┏━━

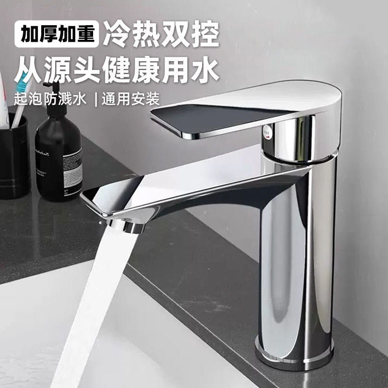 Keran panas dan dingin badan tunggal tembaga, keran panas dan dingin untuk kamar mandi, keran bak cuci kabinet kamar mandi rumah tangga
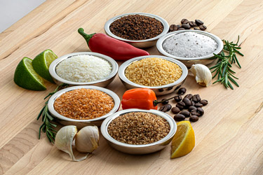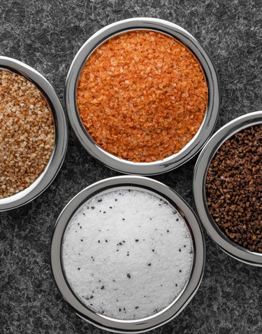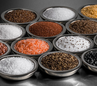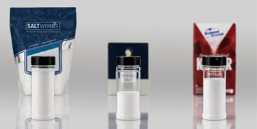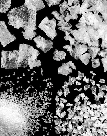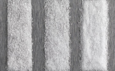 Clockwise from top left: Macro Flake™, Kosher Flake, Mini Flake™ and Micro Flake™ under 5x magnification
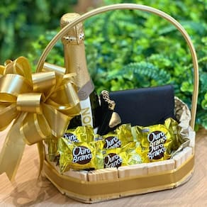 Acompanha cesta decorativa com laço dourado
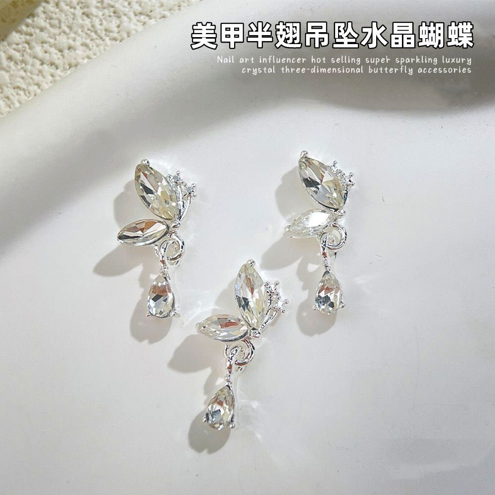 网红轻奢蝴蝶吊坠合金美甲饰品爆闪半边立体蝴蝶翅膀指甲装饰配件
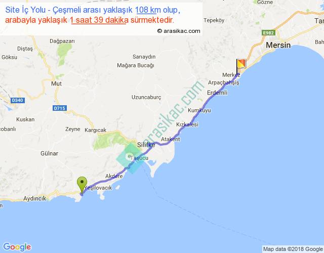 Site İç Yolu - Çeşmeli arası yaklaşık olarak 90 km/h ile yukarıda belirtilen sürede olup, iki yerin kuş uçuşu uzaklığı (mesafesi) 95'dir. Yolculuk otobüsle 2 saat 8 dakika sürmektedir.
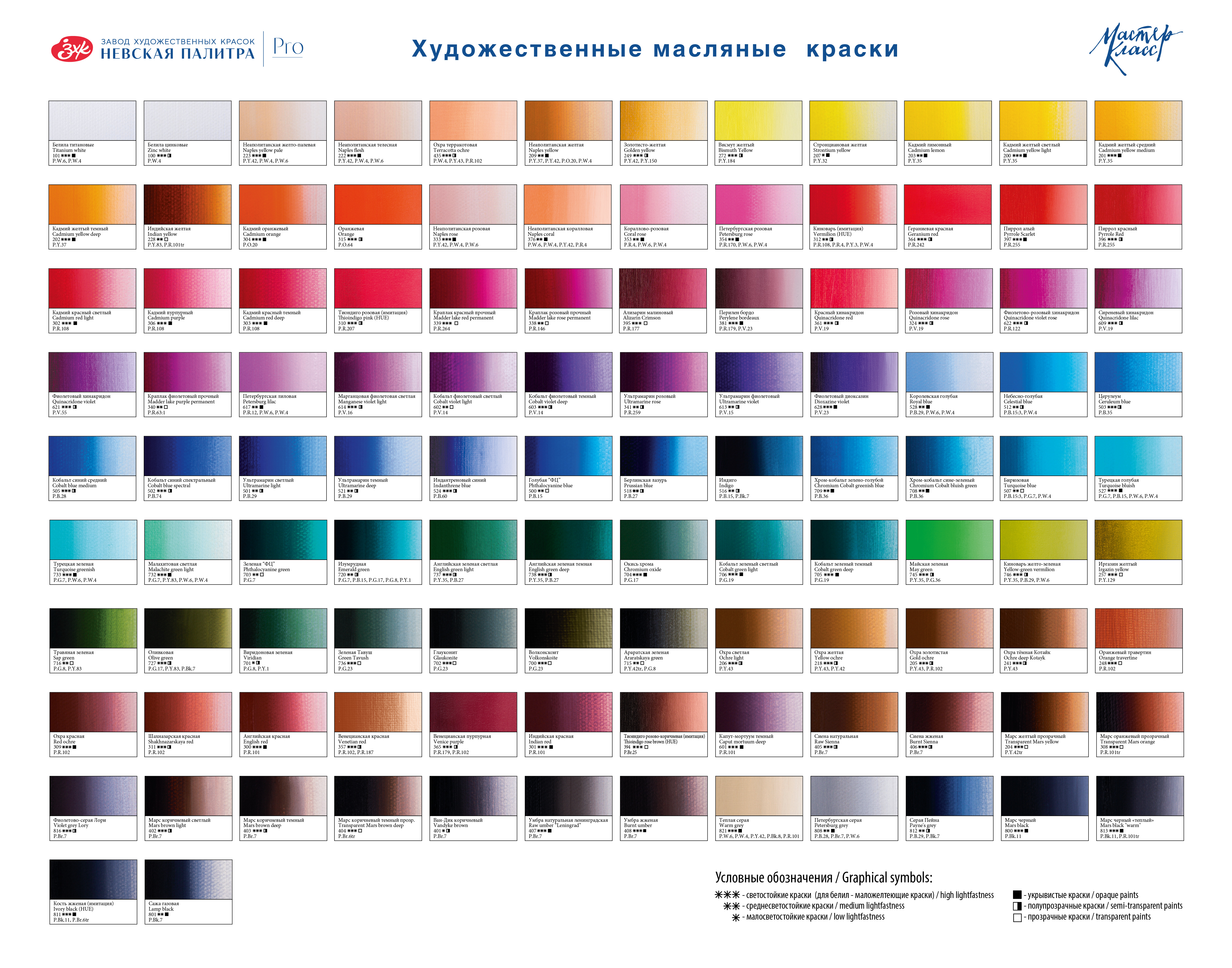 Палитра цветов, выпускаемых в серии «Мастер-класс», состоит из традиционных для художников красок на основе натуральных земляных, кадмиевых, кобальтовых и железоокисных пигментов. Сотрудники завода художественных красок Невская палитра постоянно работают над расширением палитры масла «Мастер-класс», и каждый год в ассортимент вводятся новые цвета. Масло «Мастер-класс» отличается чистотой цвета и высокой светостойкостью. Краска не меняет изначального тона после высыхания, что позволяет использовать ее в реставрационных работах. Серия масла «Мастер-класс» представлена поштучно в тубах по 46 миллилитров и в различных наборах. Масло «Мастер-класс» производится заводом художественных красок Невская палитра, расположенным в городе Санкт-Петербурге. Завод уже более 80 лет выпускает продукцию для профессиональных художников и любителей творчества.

┗━━

THE TASK => Everything from the first line of the listing above through the line that contains "Site İç Yolu" is to be restated word for word, minus the pictures.

RESPONSE TO THE TASK =>
 Keran panas dan dingin badan tunggal tembaga, keran panas dan dingin untuk kamar mandi, keran bak cuci kabinet kamar mandi rumah tangga
 Clockwise from top left: Macro Flake™, Kosher Flake, Mini Flake™ and Micro Flake™ under 5x magnification
 Acompanha cesta decorativa com laço dourado
 网红轻奢蝴蝶吊坠合金美甲饰品爆闪半边立体蝴蝶翅膀指甲装饰配件
 Site İç Yolu - Çeşmeli arası yaklaşık olarak 90 km/h ile yukarıda belirtilen sürede olup, iki yerin kuş uçuşu uzaklığı (mesafesi) 95'dir. Yolculuk otobüsle 2 saat 8 dakika sürmektedir.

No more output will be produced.